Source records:

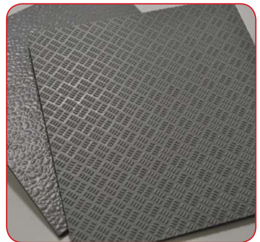
I-Tech Armor Plate is available in a variety of non-slip textures including Cracked Ice and Quadripple.
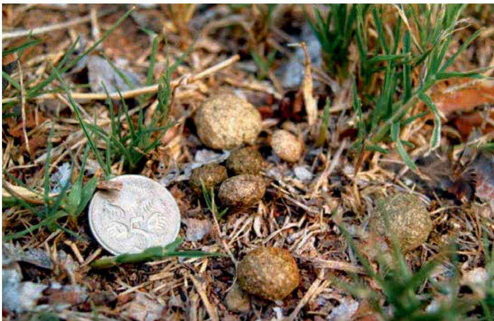
FIGURE 1: Typical small clump of rabbit pellets (faeces) in grassland.
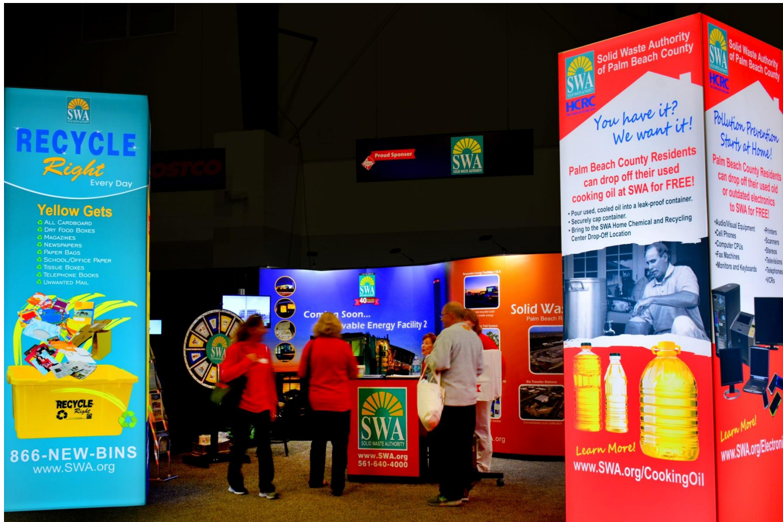
Solid Waste Authority volunteers engage visitors at the South Florida Fair
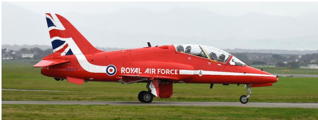
Hawk T.1 XX177 RAFAT 'RED10' air test 14:22-15:25 from ASP.1
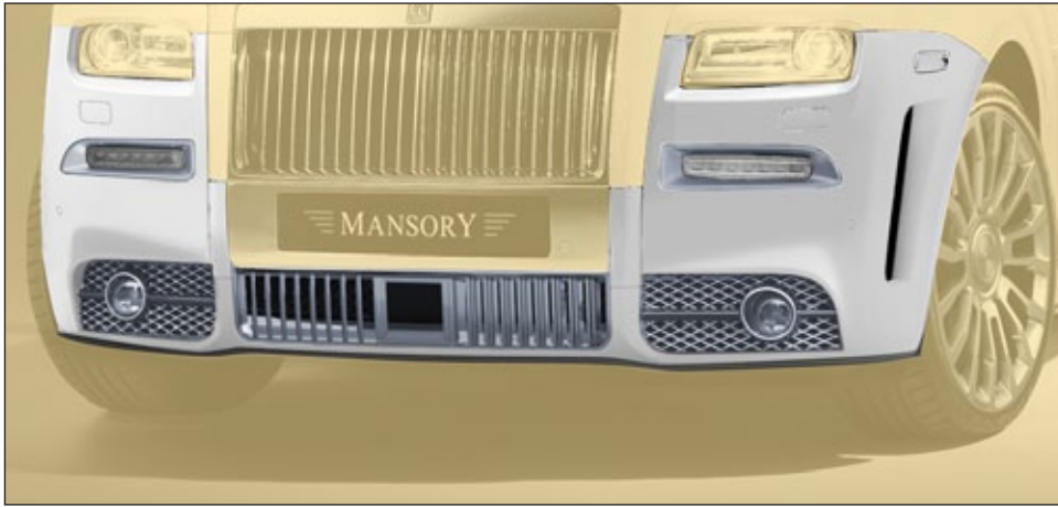
Front bumper II with air outlet - LED + FOG light RR4 102 062

front lip visible carbon fibre primed without clear coat, middle slats chrome LED daytime running and fog lights
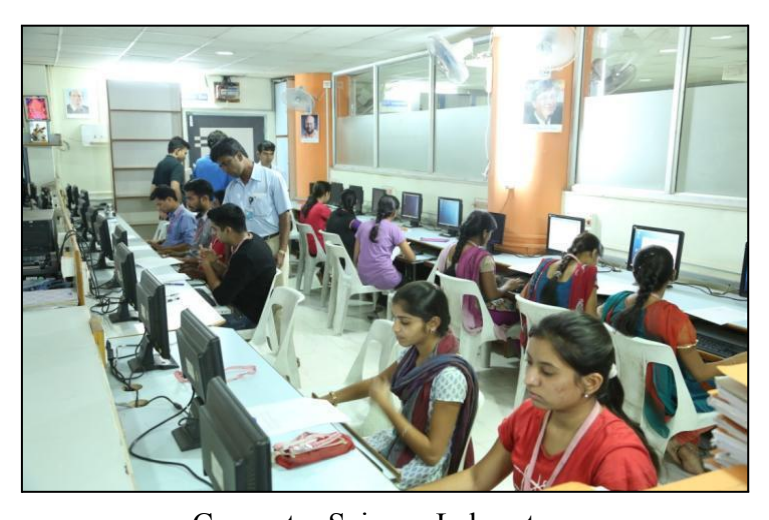
Computer Science Laboratory
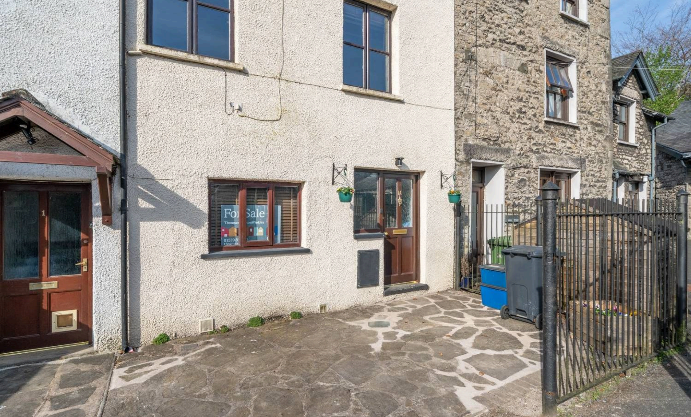
1a Stramongate Hall Cottage, Yard 56 Stramongate £199,950
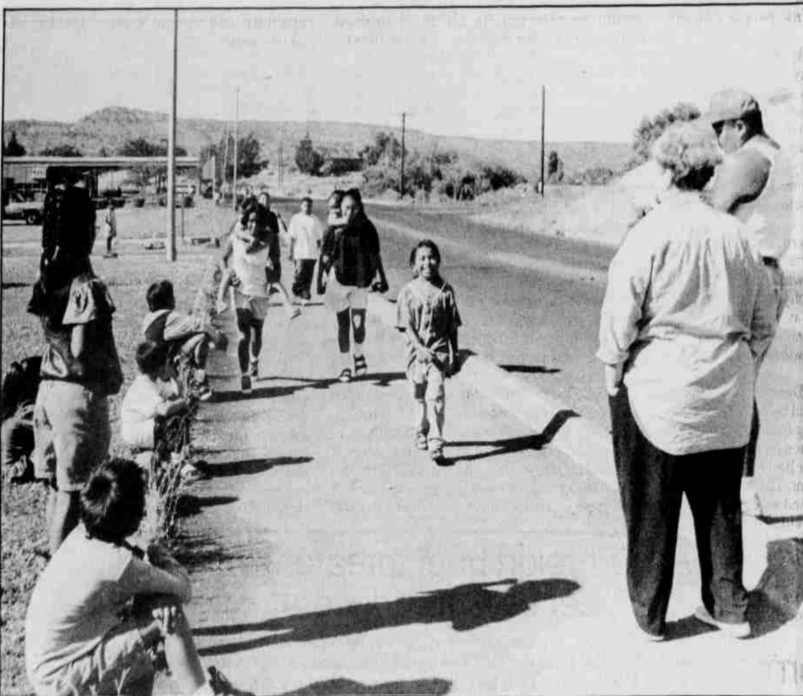
Recreation youth staff and children about to cross the finish line.

The Annual Summer Recreation Program "Summer End Fun Run—1.4 miles" was held Tuesday, August 7, 9:00 a.m. in front of the Community Center. A total of youth participated in this event, results are as follows:
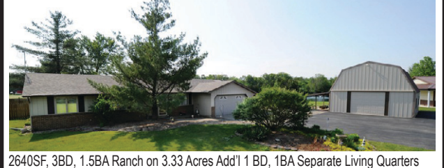
2640SF, 3BD, 1.5BA Ranch on 3.33 Acres Add'l 1 BD, 1BA Separate Living Quarters 24x24 Meyer Bldg. with Lofted Space 35x65 Pole Bldg w/ concrete floor, steps to loft 15015 Road 51, Antwerp ..... $269,900
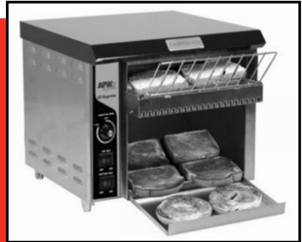
AT EXPRESS RADIANT CONVEYOR TOASTER
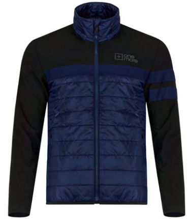
NAVY / BLK / NAVY 33BF
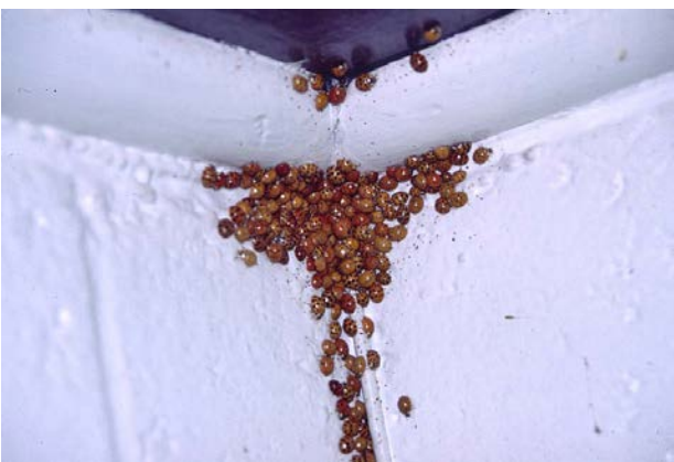
Figure 6. Multicolored Asian lady beetle cluster in a home.

In their native habitat, large MALB aggregations often hibernate (overwinter) in cracks and crevices within rock cliff faces. Indeed, studies have shown that MALB is attracted to surfaces covered in highly contrasting vertical black and white stripes (4). Unfortunately, in North America, these foreign lady beetles sometime mistake the outside walls of buildings for rock cliffs causing them to seek overwintering sites in and around buildings.
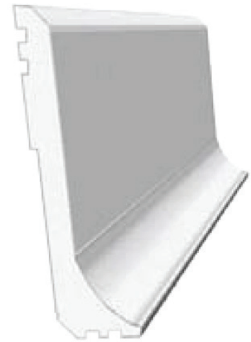
PolySto PV8F Skirting 3D section illustration

John Lord provide a full installation service and on-going staff training. Annual inspections and maintenance contracts are also available.
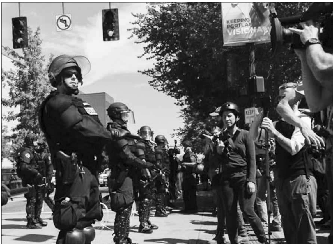
Portland police keep Patriot Prayer affiliates separate from antifa protesters during a rally in Portland, Saturday.

• _WORK ORDER_:
Make a copy of each line in the records that has the word "Recreation".

• _SOLUTION TO THIS EXERCISE_:
Recreation youth staff and children about to cross the finish line.
The Annual Summer Recreation Program "Summer End Fun Run—1.4 miles" was held Tuesday, August 7, 9:00 a.m. in front of the Community Center. A total of youth participated in this event, results are as follows:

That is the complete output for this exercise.